There are still likely opprotunities to factor out more shared logic into `core`..

* Got standard isolation forest R/W working after major refactor. Still a work in progress.

* Fixed package structure.

* WORK IN PROGRESS - Have prototype extended isolation forest read / write working with tests.

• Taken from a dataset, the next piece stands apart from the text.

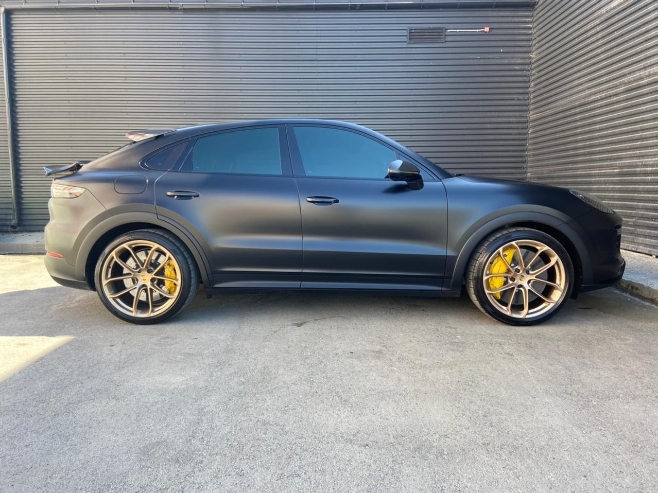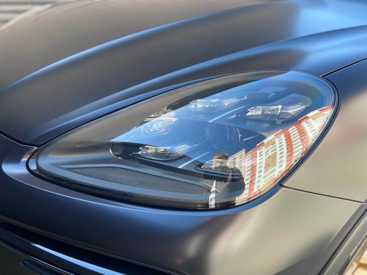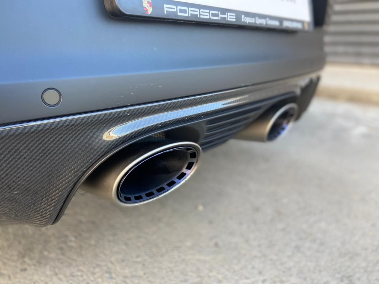 Логотип 'PORSCHE' окрашен в черный матовый цвет, обозначение модели - в цвет кузова

* Did linting for eif code.

* fix(EIF): align hyperplane split + path test with paper; correct intercept sampling, ≤ semantics, and degeneracy handling

- Sample normal in the selected subspace with up to (extensionLevel+1) non‑zero coords; normalize and guard zero‑norm.
- Sample intercept as point p by drawing each active coordinate uniformly from that node’s data range; set offset = n·p.
- Use inclusive left-branch test x·n ≤ n·p in both training and scoring so the split predicate matches the paper.
- Treat minDot == maxDot or an empty partition as a leaf (stores numInstances); keeps trees well‑formed.
- Compute dot against a full‑length normal (zeros for unused coords) to match the (x − p)·n test.
- Minor: log message tweaks; one‑pass min/max scan instead of materializing arrays; consistent ≤ in train/score.
- No change to model IO or public params.

* fix(EIF): retry degenerate hyperplane splits instead of premature leafing

  Previously, a single failed split attempt (constant feature, all-same
  dot products, or empty partition) immediately produced a leaf node.
  This meant extensionLevel=0 was not equivalent to standard IF when the
  first randomly chosen feature happened to be constant. Now retries up
  to 50 times before falling back to a leaf.

* chore(EIF): remove dead code, unused imports, and fix test description typos

* fix(EIF): validate extensionLevel at fit time instead of silent clamping

  Remove Int.MaxValue-1 sentinel default. If the user sets extensionLevel
  above numFeatures-1, throw immediately. If unset, default to
  numFeatures-1 (fully extended). The resolved value is persisted in the
  model rather than the sentinel.

* fix: fail fast on empty partition in shared tree training

Guard against dataForTree.head crash when a partition receives zero
sampled points. Throws a clear IllegalStateException instead of a
confusing NoSuchElementException.

Co-Authored-By: Claude Opus 4.6 <noreply@anthropic.com>

* fix: use actual tree count instead of numEstimators param in scoring

  Divide path length sum by the actual number of trees in the model
  rather than the $(numEstimators) parameter, preventing model/param
  drift from producing incorrect anomaly scores.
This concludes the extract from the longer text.